Statistics and Market Data about Shipbuilding
In this section, Statista presents the most relevant and up-to-date facts relating to the manufacture of ships. The major categories in this industry cover passenger ships, tankers and dry cargo ships, including container vessels.
Worldwide, the biggest passenger ships in service are the Oasis class vessels operated by Royal Caribbean International, the second-largest cruise line company globally. The billion-dollar cruise ships ‘Allure of the Seas’ and ‘Oasis of the Seas’ were built between 2006 and 2009 by STX Europe.
The biggest freight ships in service can be divided into Supertankers and Ultra Large Container Vessels (ULCV). While Supertankers include the group of Very Large Crude Carriers (VLCC) and Ultra Large Crude Carriers (ULCC), Ultra Large Container Vessels include the subcategory of Triple E container vessels. In 2011, South Korea’s Daewoo Shipbuilding received contracts to build 20 such ships for Denmark’s Maersk, the second largest container shipper worldwide. Triple-E stands for "energy efficient", "economies of scale" and "environmentally improved". The 400 meter-long Triple E megahaulers are widely regarded as the most efficient container ships per twenty-foot equivalent of cargo.
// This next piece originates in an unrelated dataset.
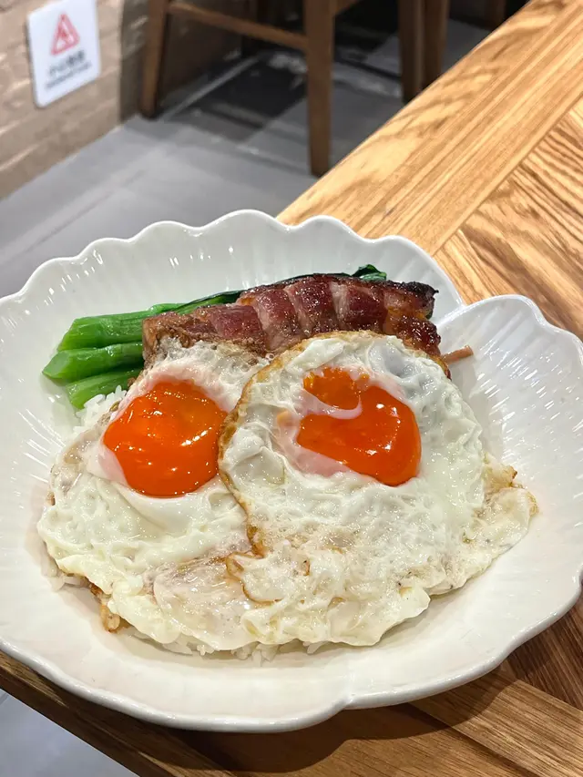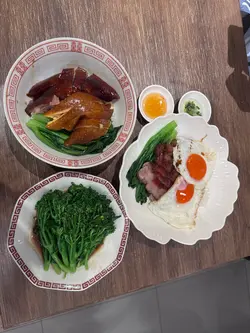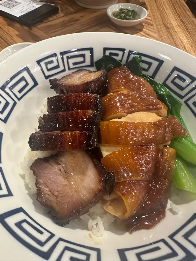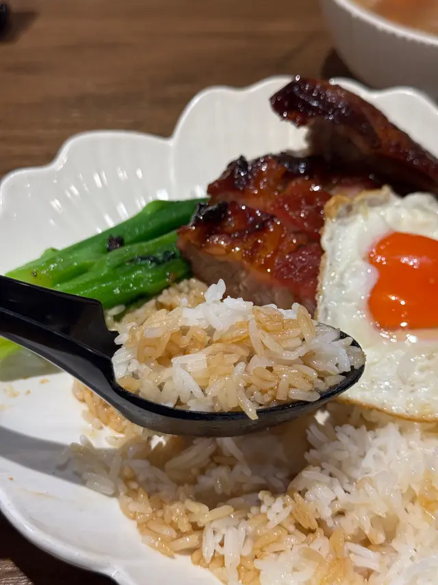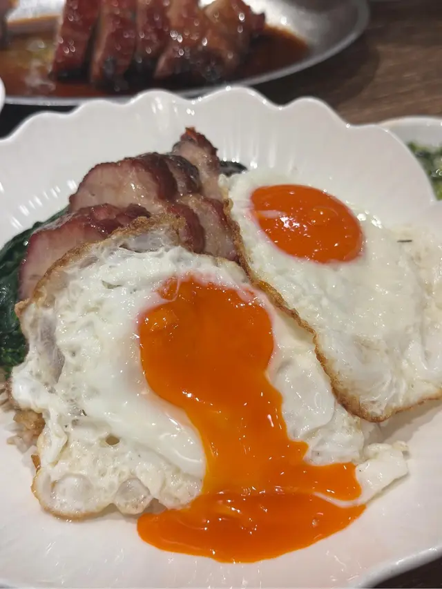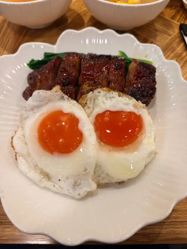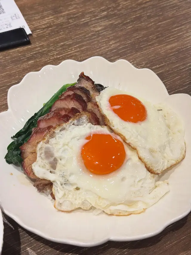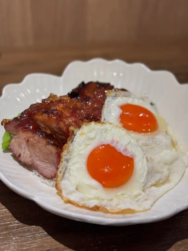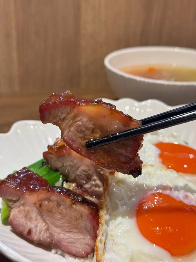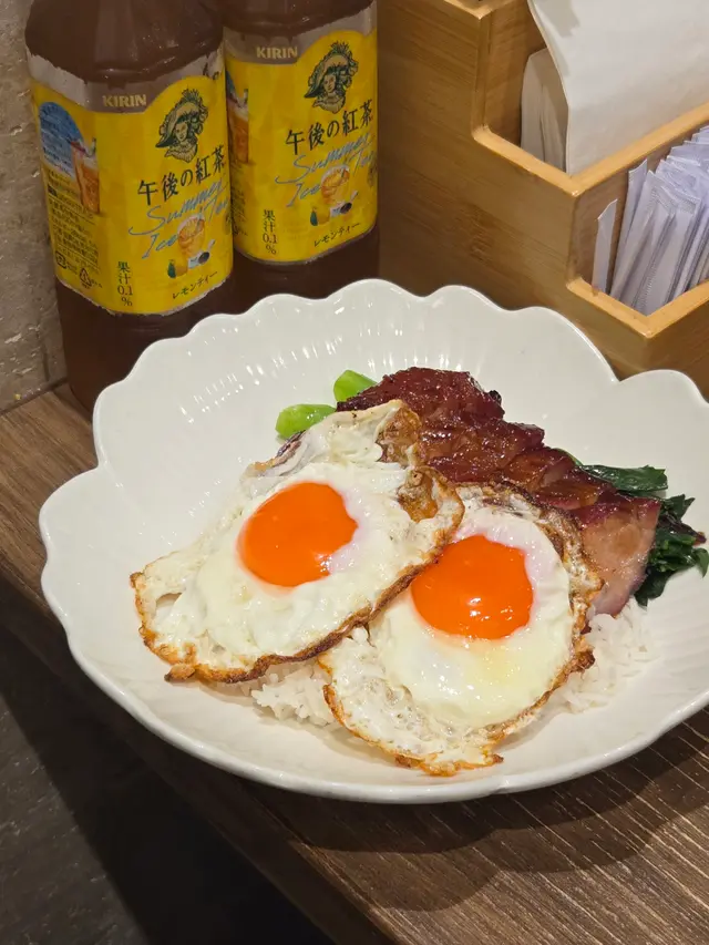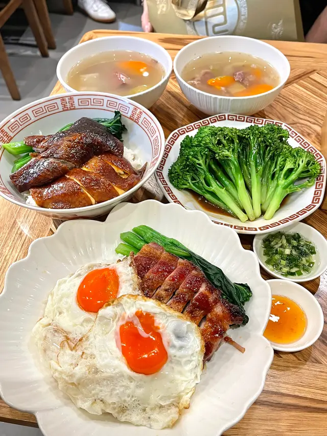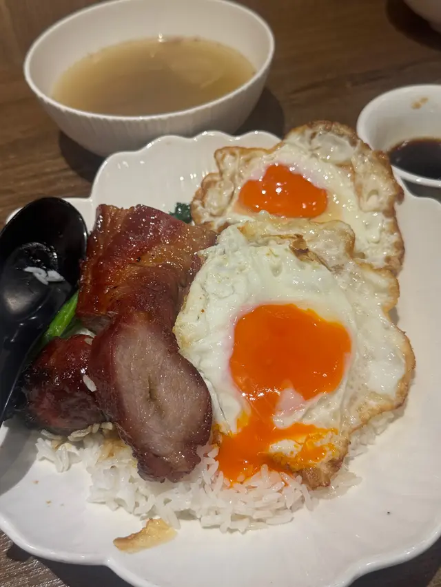 位於灣仔的「發達叉燒」是一間人氣高企的地道燒味店🔥,主打招牌蜜汁叉燒😋,還供應燒鵝、油雞、豬油撈飯等。餐廳裝潢簡潔光猛,設有傳統開放式斬燒味廚房🔪,而店內座位雖然不多,但翻桌率很高,店外經常大排長龍🚶♂️🚶♀️,排隊時見到不少食客專程前來買外賣,亦有熟客報到,氣氛熱鬧💬🥰叉燒雙蘭王蛋飯叉燒雙蘭王蛋飯份量十足🍚,叉燒肥瘦相間🐷,肉質嫩滑,蜜汁味道甘香🍯,脆邊太陽蛋選用蘭王蛋🥚,蛋白煎至微焦脆邊,蛋黃保持完美流心😍,蛋香撲鼻,底下白飯吸盡叉燒醬汁,每一口都香濃惹味🤤‼️茅台醬油雞燒鵝飯茅台醬油雞燒鵝飯同樣份量十足🍱,一上桌就聞到淡淡茅台酒香🍶,茅台醬油雞嫩滑入味🐔,酒香滲透雞肉,層次豐富又不搶味✨;燒鵝🪿皮脆肉香🔥,油脂分佈均勻,入口香濃而不膩🤤。燒味配白飯絕對是王道🍚💯老火例湯今日的例湯是 青紅蘿蔔湯瘦肉湯🥕🐷🥣,湯底清澈不油膩,清甜滋潤😊。…查看更多

The MSC Oscar and the CSCL Globe are two of the world's largest container ships. They were constructed by DSME and Hyundai Heavy Industries of South Korea.
China, South Korea and Japan are the world’s main shipbuilding nations. Globally, the leading shipyards include Japan’s Mitsubishi Heavy Industries, China’s Shanghai Waigaoqiao and South Korea’s Hyundai Heavy Industries.